I'll try to find the link in a moment, but Microsoft was doing something like this 5+ years back. The premise was similar to Google using commodity hardware in their datacenters. Throw together "compute blocks", set them all up and when performance degrades sufficiently you remove the container and install a new one in its place.
EDIT:
Also, I'm surprised I got the time right, for some reason 2005-2012 is one big blur to me and I usually pick the wrong end of that range when guessing when things happened. It also seems that none of these articles mention what I recalled reading in articles years ago about just replacing a box once its performance degrades. I'm either misremembering or that ended up being a non-feature once fielded.
The newest Azure data center in Iowa(?) was going to be open air. Basically a pile of these containers in a field, with a big fence over it and a roof similar to a big car-port (no walls). They figured it was going to be better for cooling.

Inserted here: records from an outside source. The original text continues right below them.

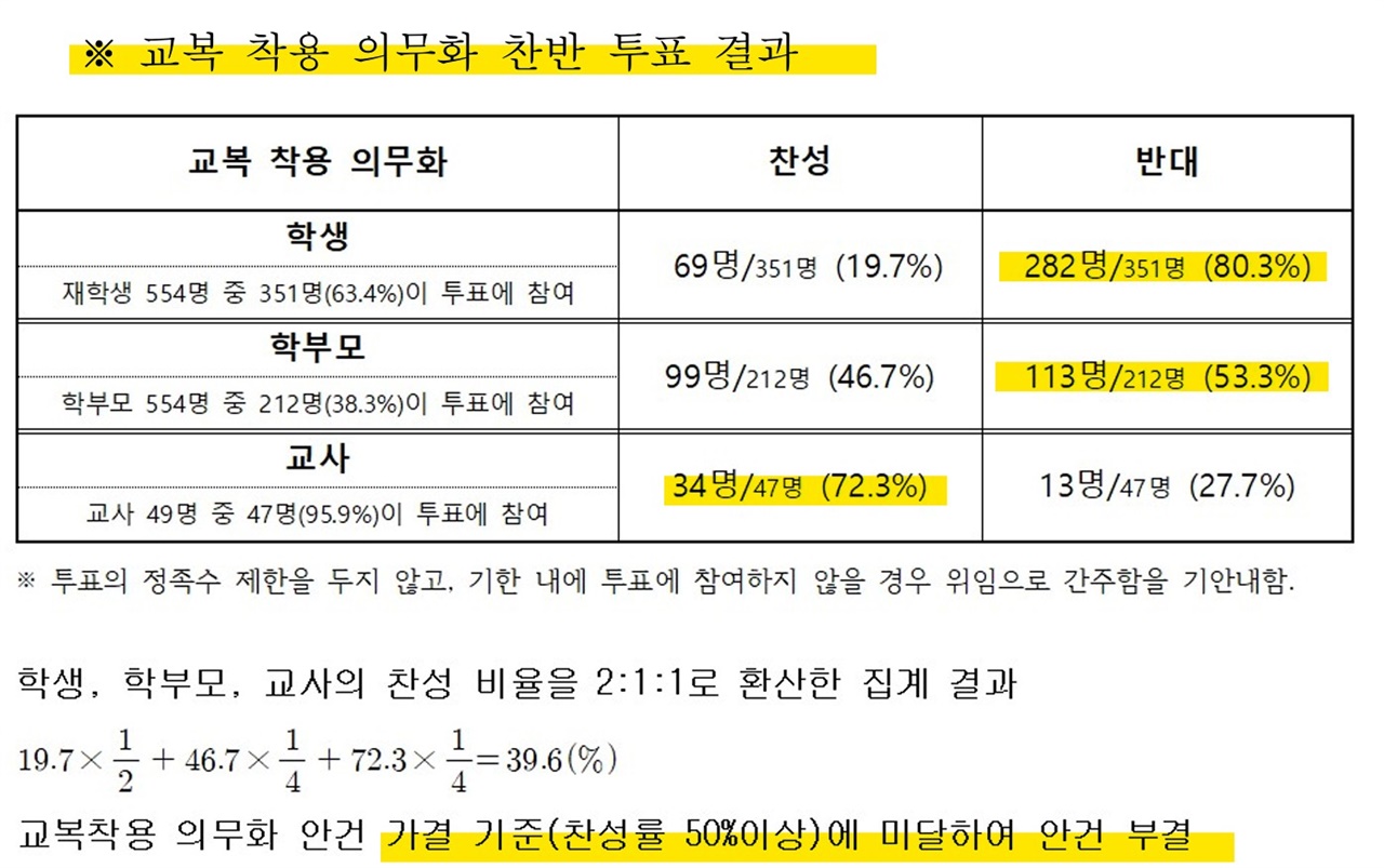 학생들이 잘 입지 않는 값비싼 정장형 교복이 문제로 떠오른 가운데 서울과 충북지역 고등학교에서 추진한 '정장 교복 착용 의무화' 시도가 학생들의 반대로 잇달아 무산된 사실이 확인됐다. 서울 A고, '교복 착용 의무화' 추진했다가 오히려 교복 없애기로 27일 <오마이뉴스>가 지난해 9월 22일 열린 서울 공립 A고 학교운영위 회의록을 살펴보니, 이 학교는 '정장 교복 착용 의무화'를 추진했다가, 오히려 기존에 있던 정장형 교복(생활복 포함)까지 없애기로 했다. 찬반 투표 결과 교사들은 교복 의무화에 72.3%가 찬성했지만(반대 27.7%) 학생들은 찬성률이 19.7%(반대 80.3%)에 그쳤기 때문이다. 학부모 찬성률은 46.7%(반대 53.3%)였다. 이 학교 교장은 <오마이뉴스>에 "학생들의 뜻이 무시되지 않도록 학생, 교사, 학부모 찬성 비율을 각각 2:1:1로 환산해 보니 찬성률이 39.6%였다"라면서 "그래서 교복 착용 의무화 안건을 부결시키는 한편, 그동안 존재했던 교복을 자유복으로 바꿨다"라고 설명했다. "학교 구성원의 민주적 의사 수렴을 거쳐 결정한 것"이라고도 했다. 전체 내용보기
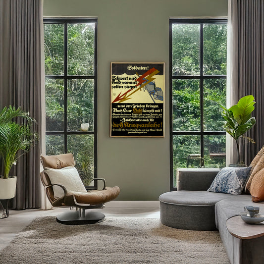Soldaten! Schwert und Gold vereint sollen siegen und den Frieden bringen. Auch Euer Geld kämpft mit! ... Zeichnet also auch Ihr die 9. Kriegsanleihe!
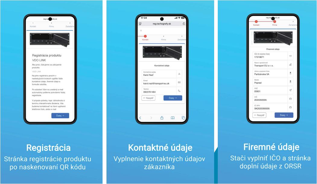 VDO LINK po zakúpení treba zaregistrovať. Registrácia je jednoduchá, stačí načítať QR kód na jeho balení, vyplniť všetky údaje používateľa a do 24 hod (okrem dní pracovného pokoja) sú dostupné zakúpenú funkcie a jeho webová platforma VDO FLEET. Ukážka registrácie zákazníka cez mobilný telefón, registrácia je možná aj cez počítač.
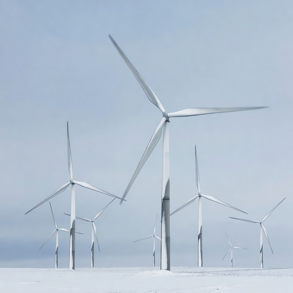 clean energy, climate, cold weather, eco-friendly, electricity, environment, field, gray sky, landscape, landscape features, nature, renewable energy, rural area, snowy landscape, sustainability, technology, turbines, wind farm, wind power, winter
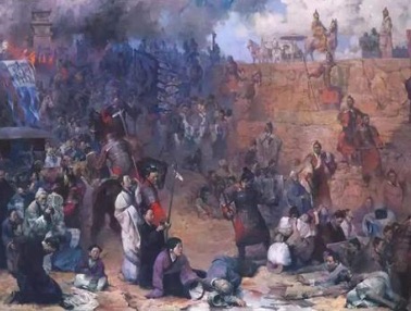这时,代替蒙恬戍守朔方边塞的王离,也率大军由上郡(治今陕西榆林东南)东出,包围了张耳和赵王歇驻守的巨鹿城(今河北平乡境)。楚王派宋义、项羽救赵,派刘邦西入关中。宋义北至安阳,逗留不进。项羽杀宋义,引兵渡漳河,经过激战,解巨鹿之围,被推为诸侯上将军。以后,秦将章邯率二十万人向他投降。
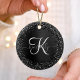 Custom Black Glitter Sparkle Monogram Ceramic Tree Decoration
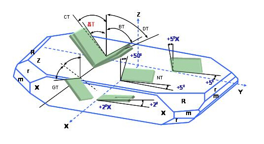 依據(jù)不同的應(yīng)用領(lǐng)域及工作溫度需求, 因應(yīng)了許多不同的石英切割角度種類. 例如AT-, BT-, CT-, DT-, NT, GT…..等不同的切割板片. 不同的切割方向的板片具有不同的彈性常數(shù)張量(elastic constant tensor), 不同的壓電常數(shù)張量(piezoelectric constant tensor)及不同的介電常數(shù)張量(dielectric constant tensor). 這些張量在石英組件的設(shè)計(jì)及應(yīng)用上展現(xiàn)了不同的振蕩及溫度特性. (圖三)表現(xiàn)了在Z-plat石英結(jié)構(gòu)上,幾種不同方向的石英板片切割方式.
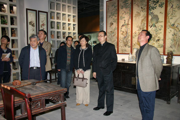 省物价局局长陈充一行先后参观了永利官网美术馆、博物馆、综合实验中心、特种工艺实验中心、数字艺术与传媒实验中心。在美术馆,省物价局领导先后参观了永利官网近两年承办的大型展览和学术活动图片展、“2005—2007届毕业生优秀作品展”、“校外实习基地教学成果展”、“客座教授摄影作品展”、“汉画像石拓片•年画馆藏展”等展览;在博物馆,来宾先后参观了民艺博物馆、刺绣馆和孙长林艺术馆;在综合实验中心来宾先后参观了印刷实验室、书籍装帧设计实验室、包装技术实验室等场所;在特种工艺实验中心,参观了首饰工作室、雕塑工作室、金属工作室等场所;在数字艺术与传媒实验中心参观了摄影实验室、动画综合实验室和影视多功能演播厅等场馆,并观看了永利官网《设计引领生活》宣传片。参观过程中,
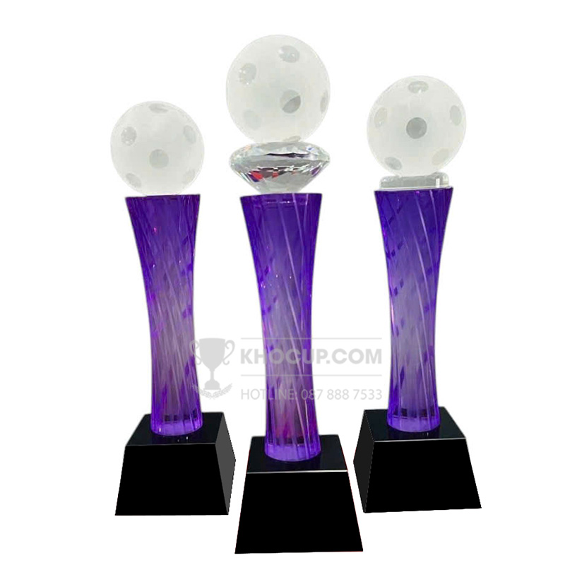 – Cúp Pickleball pha lê thân màu tím gắn quả bóng pickleball pha lê

In addition to the links below, Raytheon has deployed many 'Electronic Modular Enclosures' which house power/cooling/servers enclosed in a TEU'ish container. They've been in use since 2005'ish in the DoD and brought up in the recent 'Navy ship uses Linux' story from last week.
A previous employer used a TEU contained power/cooling/servers for mobile disaster recovery circa 2003. More recently some have used fuel cells in place of diesel generators.
Is this true? Does anyone know why? The article seems to assume it without saying why.